June 12, 2013 8 min read Download Report
Paul Larkin
Rumpel Senior Legal Research Fellow
Paul is a Senior Legal Research Fellow in the Meese Center for Legal and Judicial Studies at The Heritage Foundation.

A myriad of problems are caused today by overcriminalization—the misuse and overuse of criminal law, which ensnares average citizens for committing acts that are not morally blameworthy and that most people would not know are crimes. Punishing someone who is morally blameless is unjust and engenders disrespect for our legal system.

As described in a previous Heritage paper,[1] a mistake of law defense is needed to deal with the drastic transformation of America’s criminal justice system. This Legal Memorandum describes what the elements of that defense should be and why.

The Essential Elements of a Mistake of Law Defense

The mistake of law defense has a simple purpose: to allow a morally blameless individual to avoid conviction. The contours of the defense also are simple: A defendant is entitled to a complete defense if a reasonable person in the defendant’s position would not have believed—and if the defendant himself did not believe—that the charged conduct was illegal. The defendant should have the burden of producing evidence to support this defense and possibly also the burden of persuasion by a preponderance of the evidence.

A Complete Defense. The defense would exonerate a defendant and therefore is similar to an alibi defense or a successful claim of self-defense or defense of another. By contrast, provocation can merely reduce murder to manslaughter, which makes it only a partial defense. A successful mistake of law defense, however, frees a defendant.

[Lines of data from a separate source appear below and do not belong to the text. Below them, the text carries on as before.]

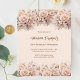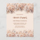 Um convite moderno, na moda e glamouroso para uma festa de aniversário. Um fundo de cor rosa, leve e leve, colorido, decorado com flores creme, cor de pêssego. Personalize e adicione os detalhes da sua festa. 1 folha = 1 convite impresso de borda a borda.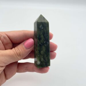 Serpentin er en smuk, jordnær krystal, der varierer i grønne nuancer fra lys olivengrøn til dybere, mørkere toner. Navnet kommer fra det latinske serpens, som betyder slange, fordi stenen ofte har mønstre, der minder om slangens skæl. Allerede når man ser på Serpentin, fornemmer man dens tætte forbindelse til naturen, jorden og livets oprindelige kræfter. Serpentin er en krystal, der bringer ro, balance og jordforbindelse. Den er kendt for at stabilisere sindet, opløse følelsesmæssig uro og skabe en følelse af indre harmoni. Det føles som at få energien "groundet", når man holder stenen i hånden, som at slippe uro og finde tilbage til en rodfæstet tilstand. Denne Serpentin obelisk er i kategorien One-Of-A-Kind, som betyder at det er obelisken på billedet du køber. Prisen er for den éne.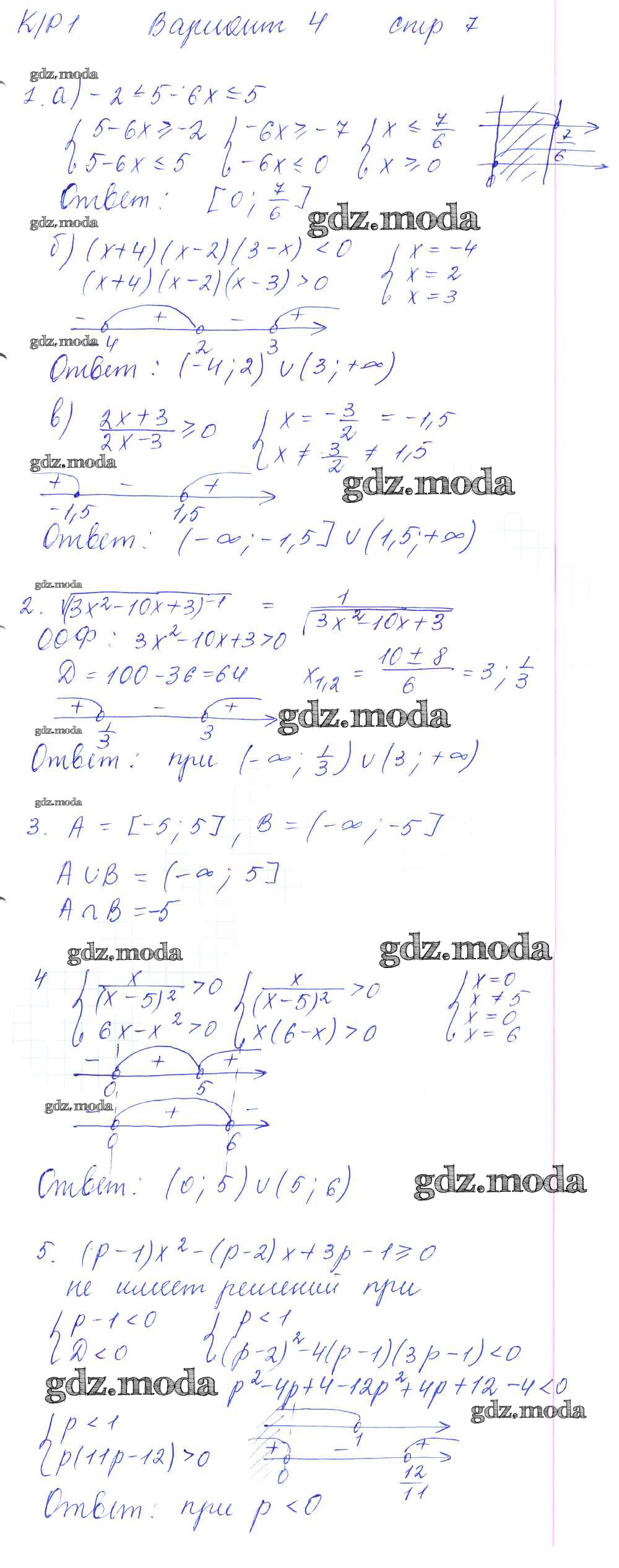 ОТВЕТ на задание № вариант №4 Контрольные работы по Алгебре 9 класс Александрова Базовый уровень
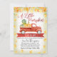 chá de fraldas de abóbora, de cor aquosa e rústica, com um caminhão vermelho, várias abóboras, folhas de outono e faixa de cor aquosa. Este convite é uma forma doce de convidar convidados para um chá de fraldas neutro em relação ao gênero ou para o outono do rapaz.

Knowledge of the Law. The government ordinarily does not need to prove that a person knew that he was breaking the law. Indeed, the criminal law decided centuries ago that ignorance or a mistake of law was not a defense.[2] But that proposition became law when there were few crimes and every one of them also violated the moral code. Times have changed, and today, a person can unwittingly run afoul of the criminal law without engaging in blameworthy conduct. Indeed, attorney Harvey Silverglate has estimated that there is a risk of that happening to at least some people every day.[3]

The use of the criminal law to enforce a complex regulatory regime creates numerous opportunities for that scenario. The reason is that, by definition, a regulatory program allows the conduct in question to occur; agency rules merely define when, where, and how. Even the lawyers who practice in a regulated industry will not know all of the statutes, rules, and regulations—which makes hopeless the plight of the average person who lacks legal training or ready and inexpensive access to an attorney.

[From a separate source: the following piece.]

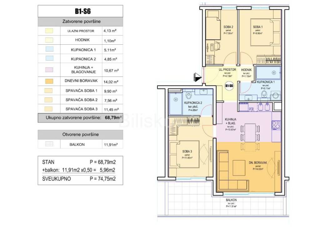 Split, Duilovo, for sale, apartments, new building, 3 buildingsWe are brokering the sale of apartments in 3 buildings that represent one complex. Secure a new building at a more favorable price than most old buildings!!Construction will begin by summer 2026, and the construction deadline is 30 months from the start of work.Payment schedule:30% upon signing the preliminary contract40% upon completion of the concrete structure30% upon completion of the facadeAll 3 buildings are connected by an elevator from two basement floors with parking spaces and storage rooms.The price of parking spaces in the closed basement is 2,000/m2, outdoor parking spaces 1,800/m2, and storage rooms 2,200/m2.Building B has 2 entrances with elevator, consists of a basement, ground floor and 3 floors, and offers the following apartments:B1-S1 3-bedroom southwest-north 97.98m2, 4,650/m2 455,607B1-S2 3-bedroom south-north 78.94m2, 4,800/m2 378,912B1-S3 3-bedroom southwest-north 100.94m2 4,850/m2 489,559B1-S4 3-bedroom south-north 74.81m2, 4,950/m2 370,309.50B1-S5 3-bedroom southwest-north 93.98m2, 5,100/m2 479,298B1-S6 3-bedroom southwest-north 74.75m2, 5,100/m2 381,225B1-S7 3-bedroom southwest-north 93.98m2, 5,500/m2 516,890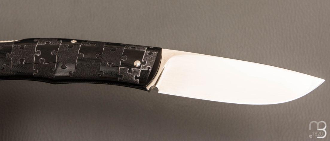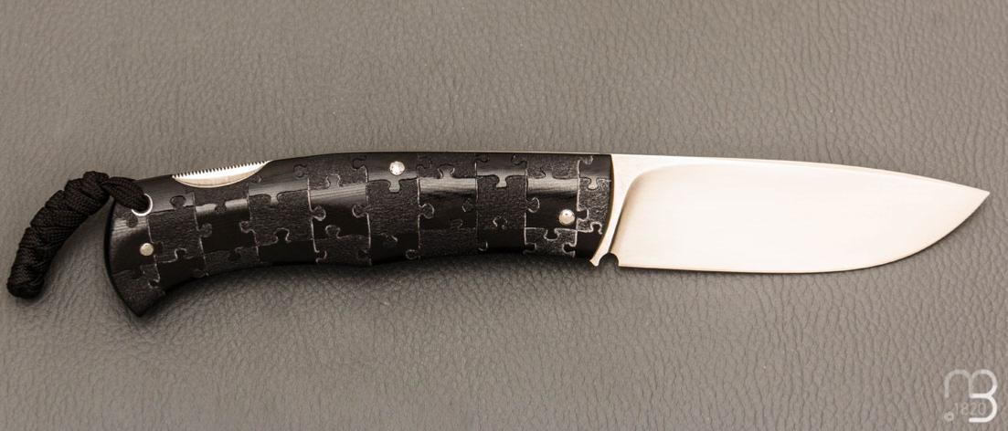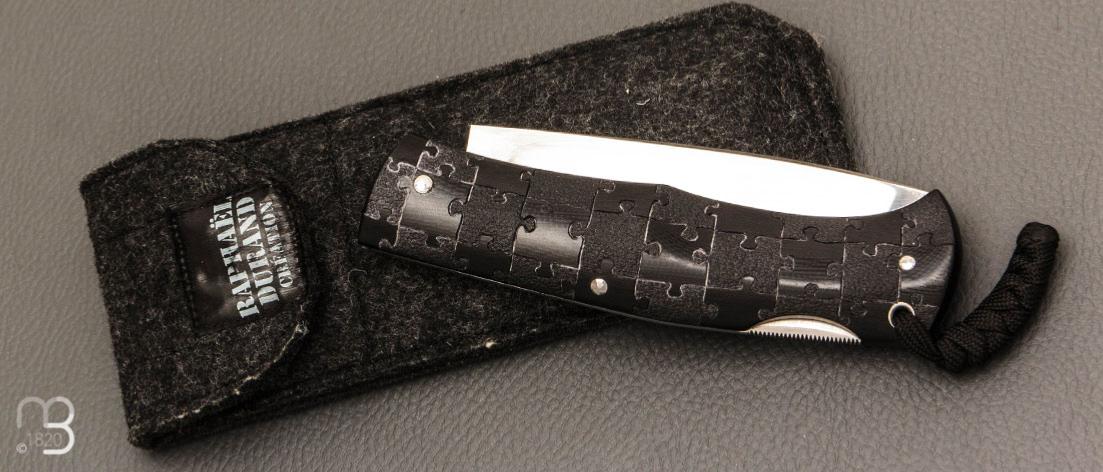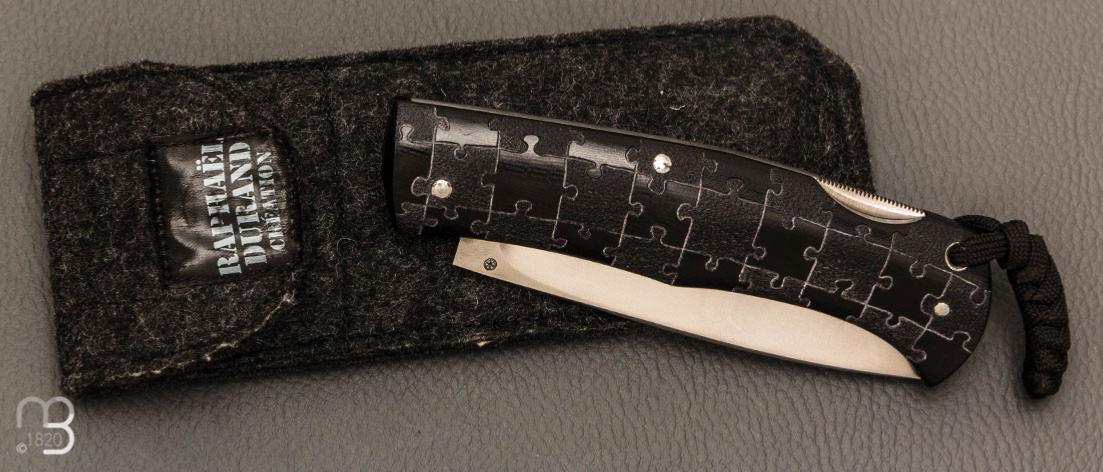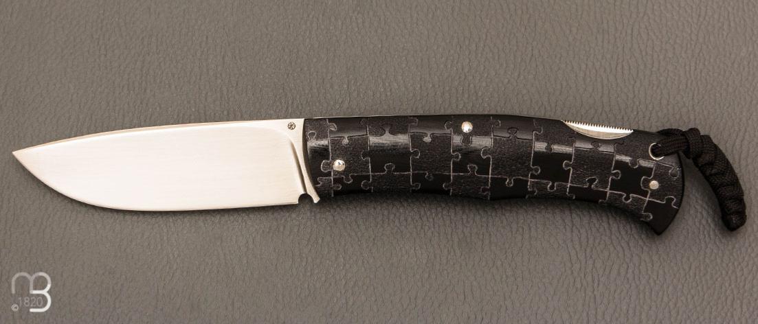 Couteau de collection pliant de poche, fait main par Raphaël Durand, il s'agit d'un modèle sans platines

The proposition that a defendant should not be held liable if he or she did not reasonably believe that he or she committed a crime is settled law in the area of tax prosecutions. In order to convict a defendant of willfully violating the tax laws, the government must prove that the defendant violated a known legal duty.[4] Therefore, a defendant who has a reasonable, good faith belief that he properly reported and paid his or her taxes is entitled to be acquitted of tax fraud.

That requirement has not nullified the federal government’s ability to bring tax prosecutions. A mistake of law defense would simply apply that principle in a broader range of cases.

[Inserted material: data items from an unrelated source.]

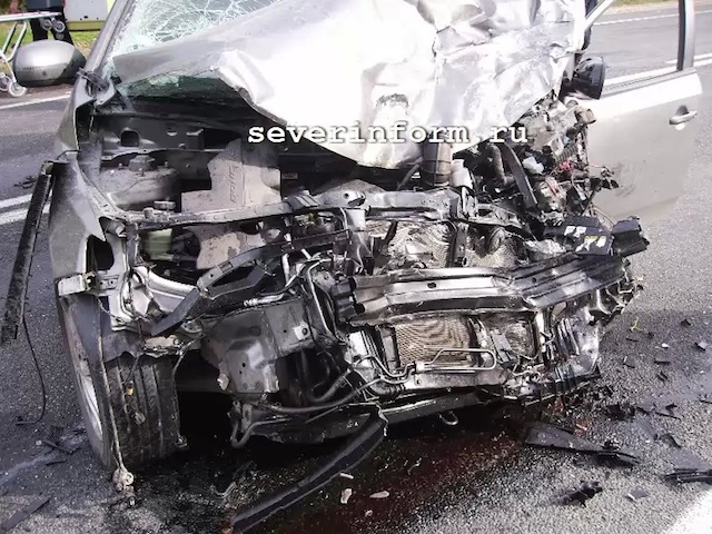 После столкновения один из автомобилей отбросило на дорожный знак, который установлен на перекрестке. В результате легковушка сильно повреждена.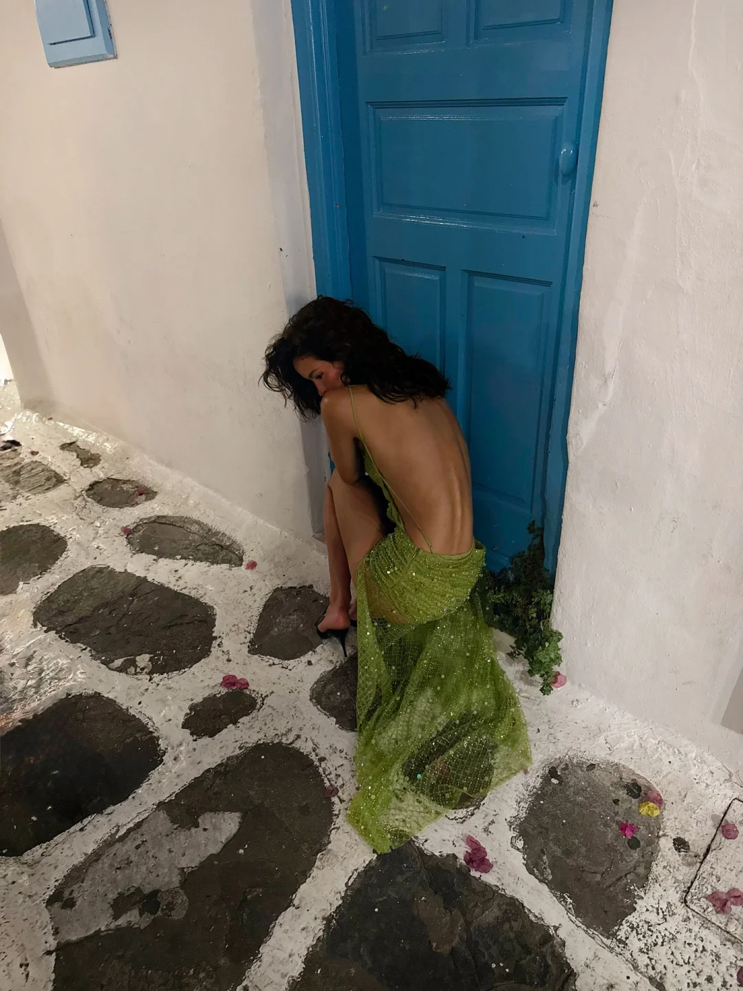Sexy Green Sheath Spaghetti Strap Beaded Tulle Prom Dress Evening Dress with Slit HZ1023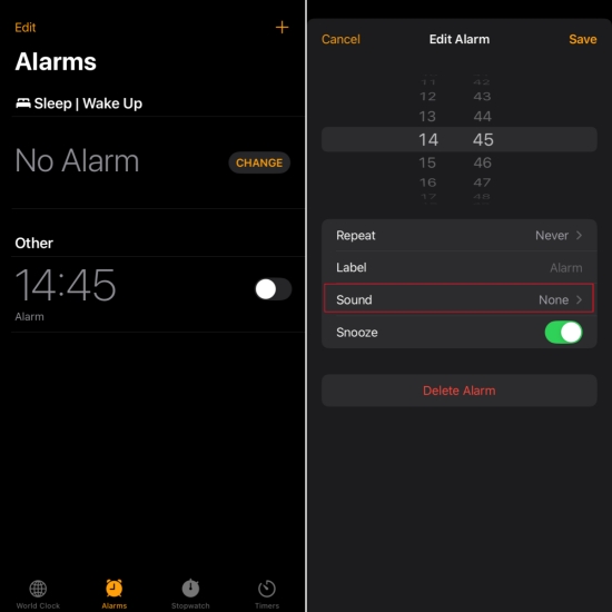 很多用户在设置闹钟时可能会忽略音量选项。如果闹钟铃声设置为没有任何,您的 iPhone 将不会发出声音。

A Reasonable Belief. Not every mistake of law is exculpatory. A defendant who unreasonably believed that his or her conduct was lawful would not be acquitted. For example, a person who erroneously believed that thievery is not a crime would not be entitled to an acquittal.[5] Some conduct is universally deemed immoral and illegal, and no one reasonably could claim ignorance of those rules. Murder, manslaughter, rape, mayhem, robbery, burglary, arson, and larceny were crimes at common law, and they remain crimes under federal and state law.[6]

Moreover, a mistake defense does not require that the precise circumstances previously have been identified as illegal; conduct closely analogous to the above crimes also would be deemed unlawful. The reason for such measured ambiguity is simple: While the public might not be conversant with the details of every criminal offense, everyone certainly knows the general picture.[7]

A person should not need legal training to avoid breaking the law. In fact, any such requirement would defeat its purpose. The Constitution requires that a person have notice of what the criminal law prohibits. Under the void-for-vagueness doctrine, a criminal law is unconstitutional if it “fails to give a person of ordinary intelligence fair notice that his or her contemplated conduct is forbidden by the statute.”[8] The question in that regard, it is important to note, is whether the statute is capable of interpretation by “a person” of common intelligence,[9] not by “a lawyer” of common intelligence. The same standard should apply for a mistake of law defense.

This inquiry should not be difficult for the courts to undertake. The question whether a defendant reasonably believed that his or her conduct was not unlawful should be analyzed from the defendant’s perspective—that is, based on the facts known to him or her at the time. It makes little difference whether the criminal law treats those differences as issues of fact, law, or both. The important question is whether the defendant acted reasonably, not what type of mistake he made.

Moreover, the reasonableness component of this inquiry is not materially different from the one that the courts use when deciding whether the exclusionary rule or qualified immunity doctrine applies in a given case. For example, in the 1980s, the Supreme Court decided that the suppression of relevant evidence and the imposition of damages liability were unnecessary sanctions in cases in which a government official may have acted unconstitutionally but nonetheless acted reasonably.[10] Those inquiries are objective in nature, and the federal courts have been making those judgments without obvious difficulty for more than 30 years.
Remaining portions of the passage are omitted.